Por Matheus Lopes Quirino


Ilustração de Ligia Zilbersztejn.

No umbigo do Vale do Paraíba, interior de São Paulo, Taubaté poderia até ser a pedra no meio de algum caminho, mas na maioria dos casos não é. Ponto de descanso estratégico para quem sai de São Paulo em direção ao Rio de Janeiro, a cidade comemora, neste ano, 380 anos de seu marco zero. Desbravada pelo bandeirante Jacques Felix, sob às ordens da Condessa de Vimieiro, séculos depois aclimataram-se aqui personagens antológicos da literatura infantil nacional, como o Visconde de Sabugosa, a Cuca, Narizinho, a boneca Emília e a lendária Tia Anastácia.

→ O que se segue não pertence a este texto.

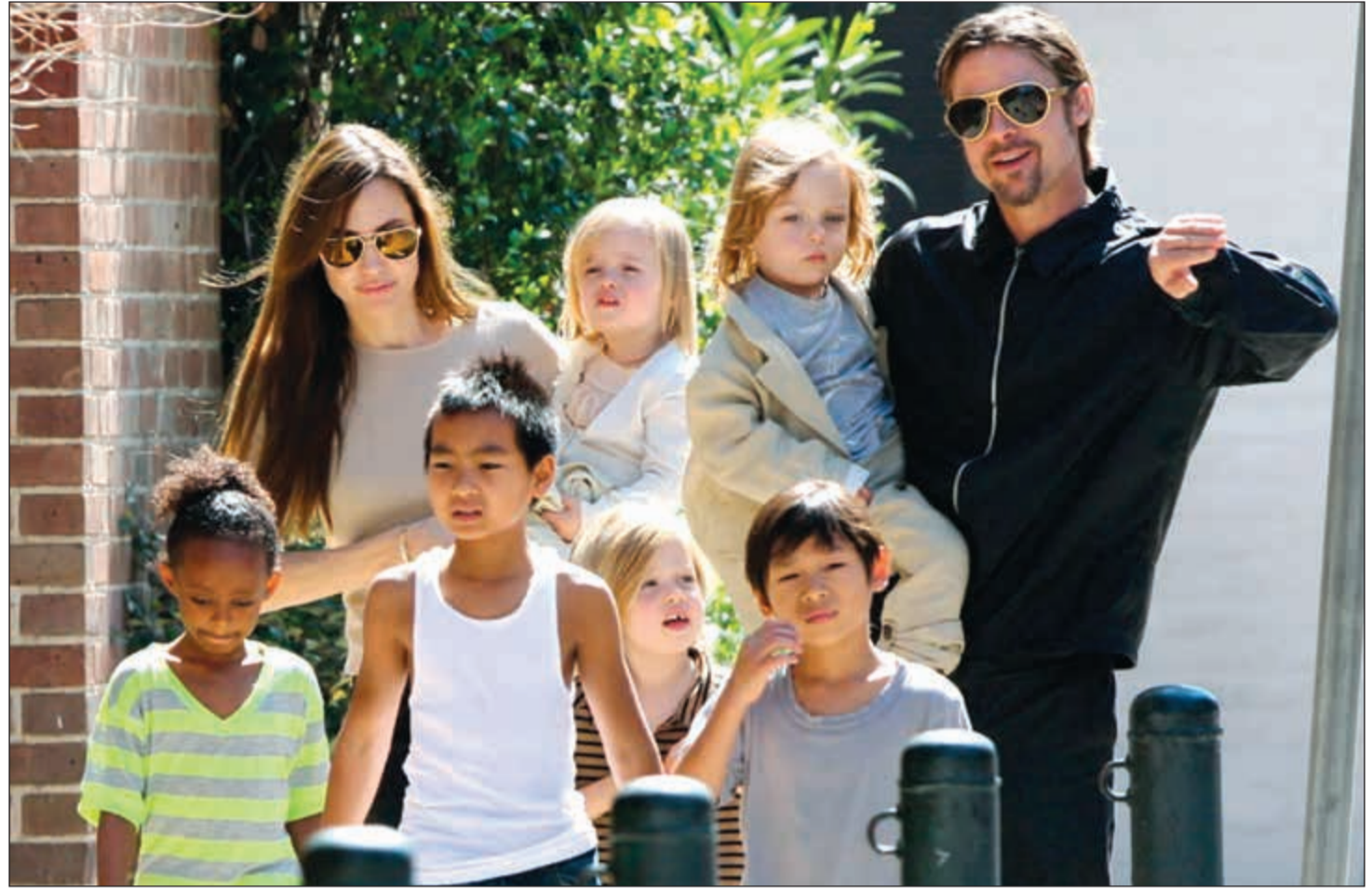
عائلة جولي بيت

وكالات: يعيش أطفال الغنائي براء بيت وأنجلينا جولي الذين انفصلا مؤخرا حالة من الحزن الشديد بسبب رفض والدتهم قضاء والدهم عيد الشكر الموافق 24 الجاري والذي سيقتضونه للمرة الأولى من دون والدهم، وصرح مصدر مقرب للنجمين: «براء بيت والأطفال منزعون من عدم قضائهم عيد الشكر معا، ويحاول الغنائي جولي وبيت أن يناقشا هذا الأمر من خلال مساعديهما، لكن جولي مصممة على أن الأطفال سيقتضون العيد معها، بينما يطالب بيت منها أن يعوضهم عن ذلك اليوم، كما أنهم مازالوا يتوسلون لجولي وبيت أن يرجعا للعيش معا وألا ينفصلا لكن جولي أكدت لهم أن هذا الأمر لن يحدث أبدا، وكان مكتب التحقيقات الفيدرالي «FBI» براء بيت من تهمة الإساءة لأطفاله وضرب ابنه «مادوكس» وإغلاق القضية تماما، وذلك بعد التحقيق في الواقعة إثر نشوب مشاجرة قوية بينهما على الطائرة.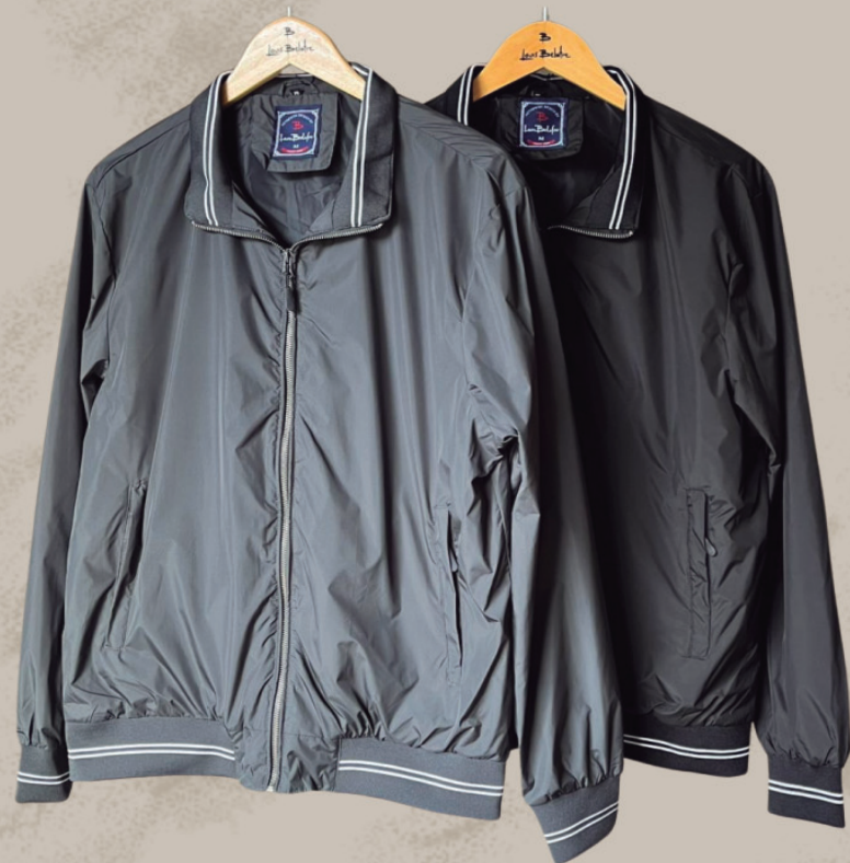
JAQUETA MASCULINA CORTA VENTO R$ 499,90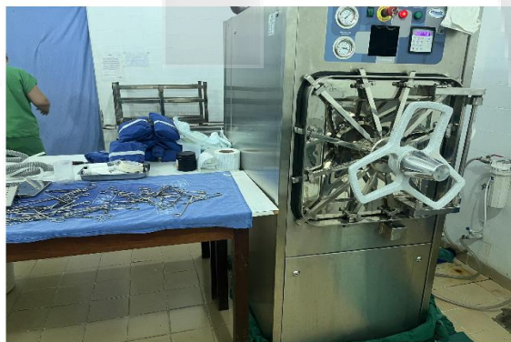
Figura 6 (Autoclave)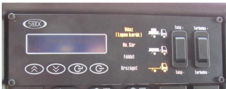
4/c. számú kép. A SILEX TIS vezérlőegysége (ECU) [6]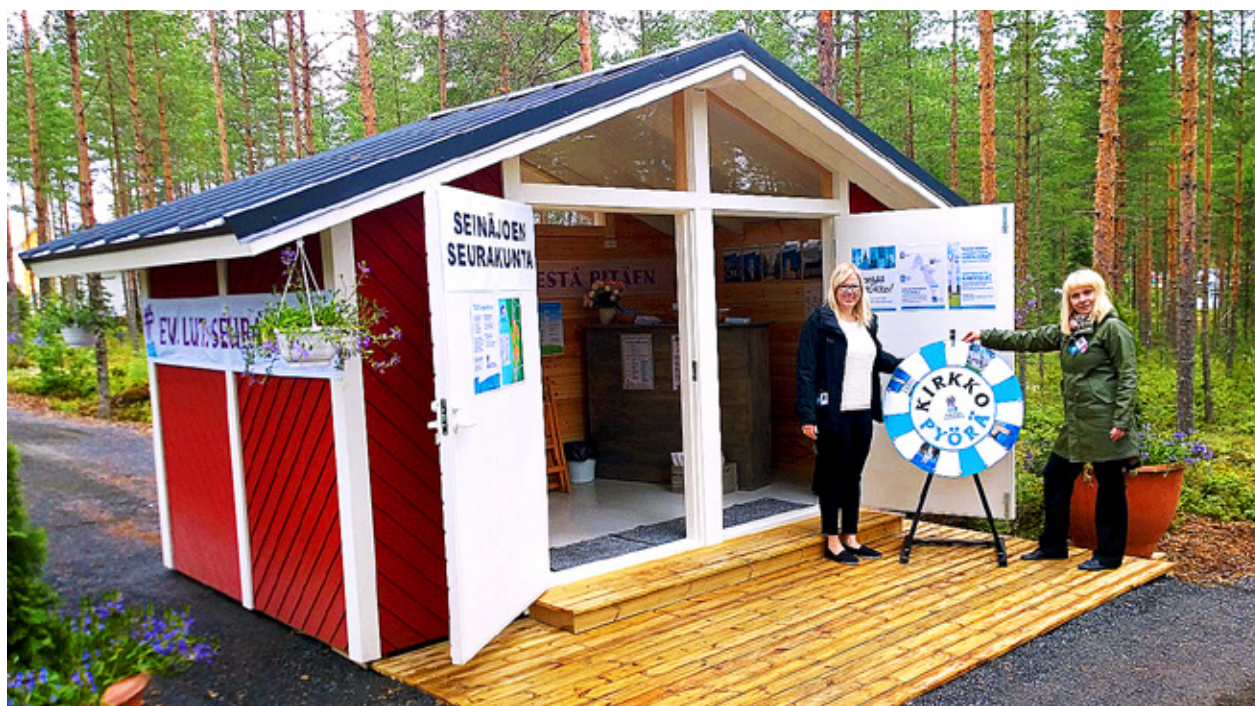
PÅ BAKGÅRDEN till utställningshus nr 32 finns kyrkans egen stuga med bland annat en helt egen version av lyckohjulet.

2 stora rum + vard.r o kök lämpligt för 2 kimpab. stud. flickor, tex Arcada el Practicum osv. hyra 480e/pers/mån inkl el o vatten ledig tel 040-5182867

Ao falar nela, nos últimos anos a personagem mucama criada por Monteiro Lobato ganhou todos os holofotes possíveis. Amálgama de um debate acalorado não só na literatura, como na política e, principalmente, na militância, a tia Anastácia foi trending topic do Twitter, seu nome foi parar na boca do povo, de gente que, se quer, lera uma história do Sítio do Pica Pau Amarelo. Neste século, em que discussões se desenrolam nas redes sociais, tia Anastácia virou alvo também de algozes dos algozes de Lobato. Foi xingada de comunista (contém ironia) e, como funcionária do Sítio do Pica Pau Amarelo, teve seus direitos discutidos. Ela era claramente escravizada pela dona Benta, a detentora de toda vilania que, como bode expiatório, recai sob a Cuca.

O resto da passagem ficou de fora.